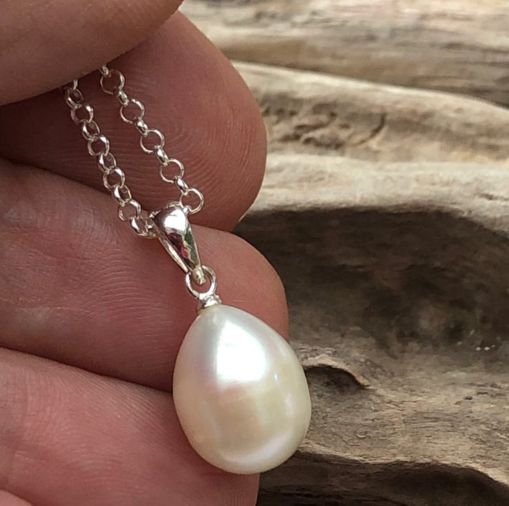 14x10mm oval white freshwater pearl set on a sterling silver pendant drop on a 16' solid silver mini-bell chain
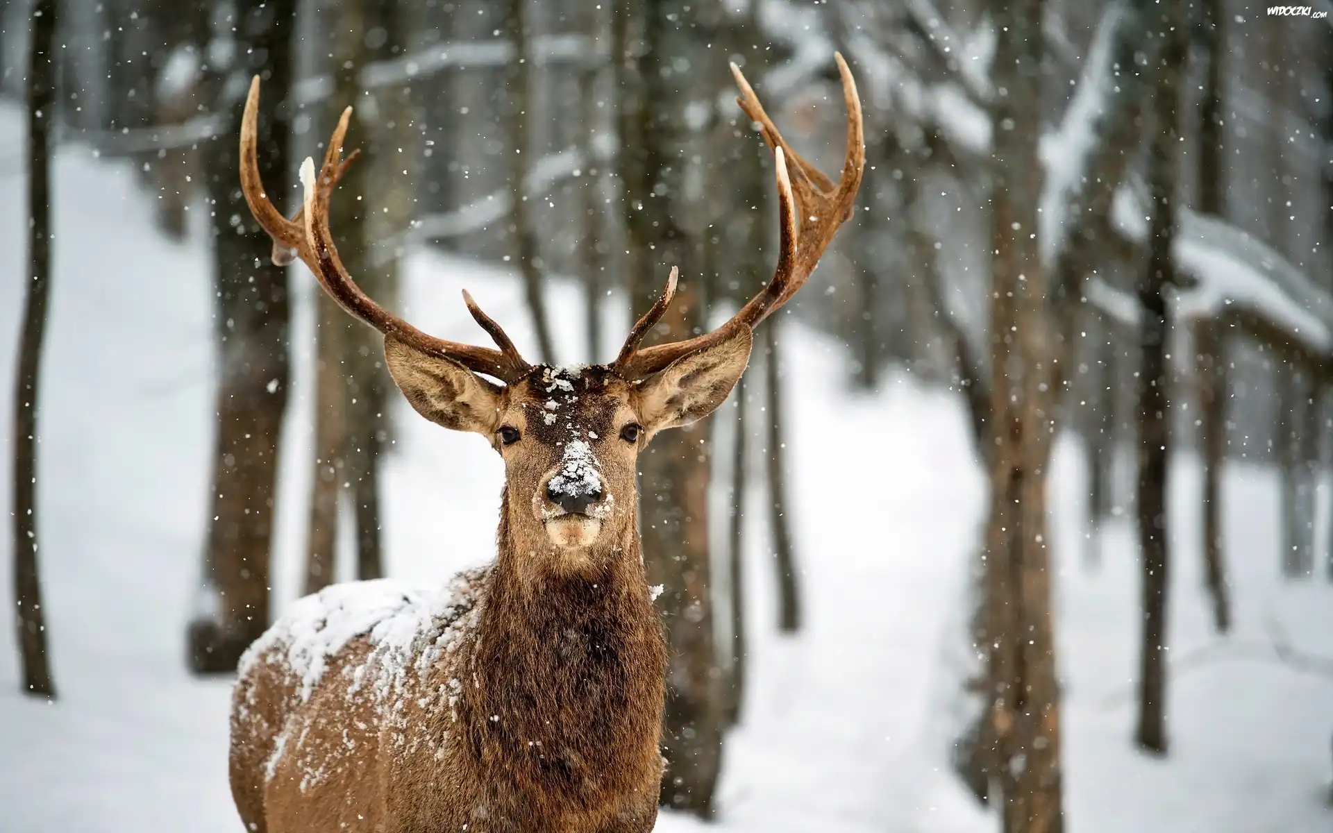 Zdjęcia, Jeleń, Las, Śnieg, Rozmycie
----------
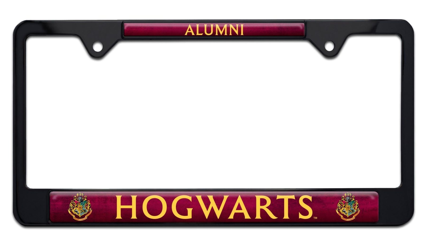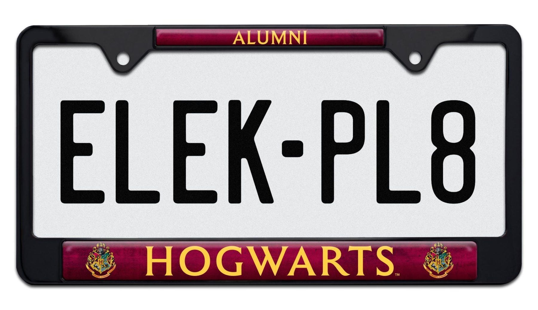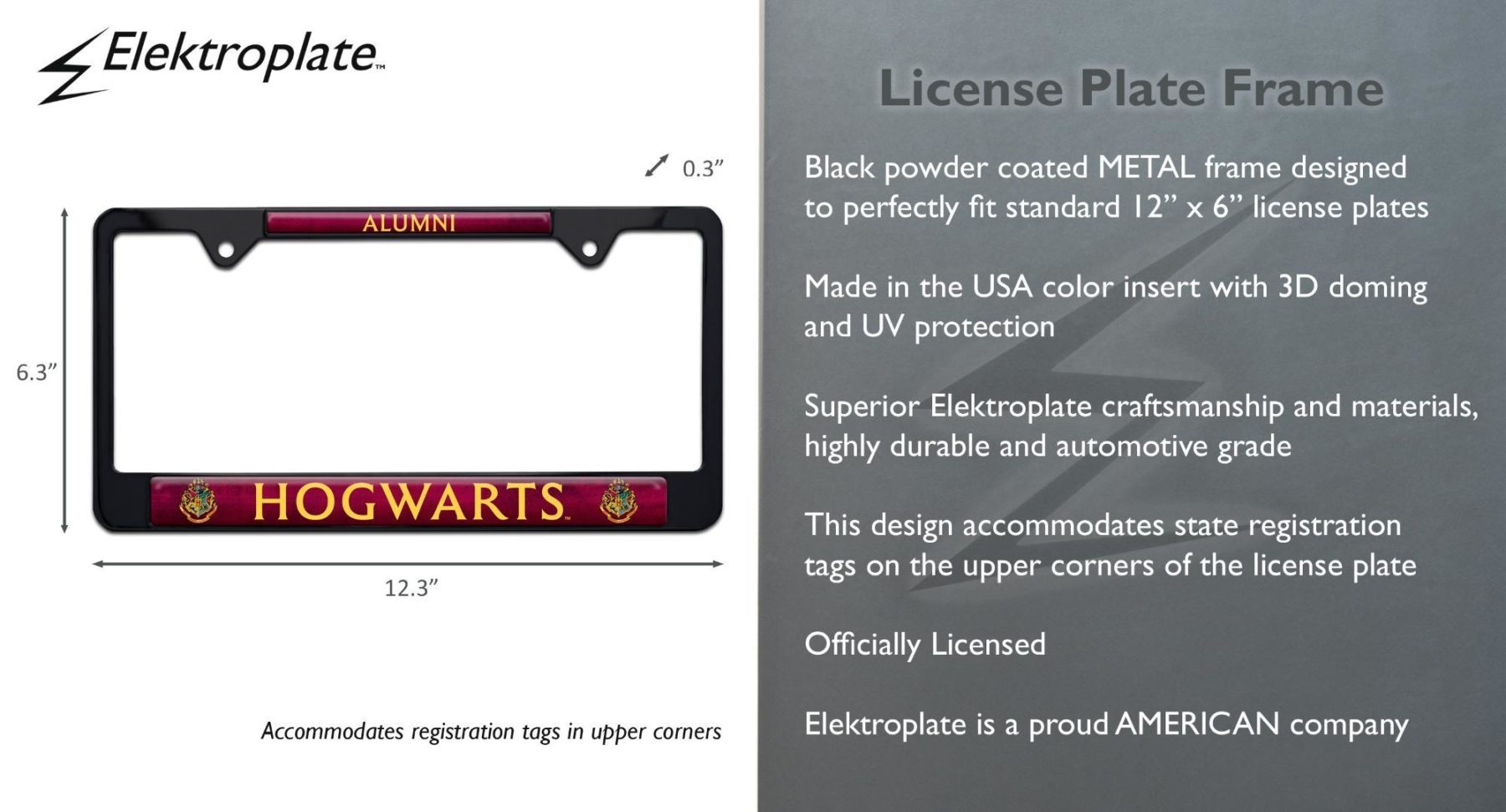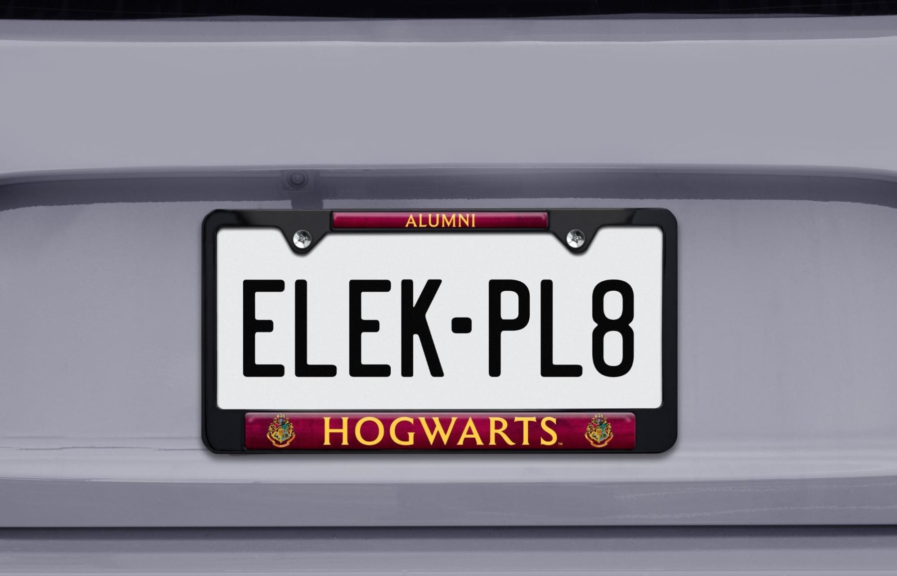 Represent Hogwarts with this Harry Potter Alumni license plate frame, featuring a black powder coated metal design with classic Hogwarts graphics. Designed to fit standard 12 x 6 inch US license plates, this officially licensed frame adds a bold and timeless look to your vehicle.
----------
# Problem details:
In the listing above, find the line containing "14x10mm oval white" and the line containing "Zdjęcia, Jeleń, Las, Śnieg, Rozmycie". Print those two lines and every line between them exactly, with no pictures.

# Response to this task:
 14x10mm oval white freshwater pearl set on a sterling silver pendant drop on a 16' solid silver mini-bell chain
 Zdjęcia, Jeleń, Las, Śnieg, Rozmycie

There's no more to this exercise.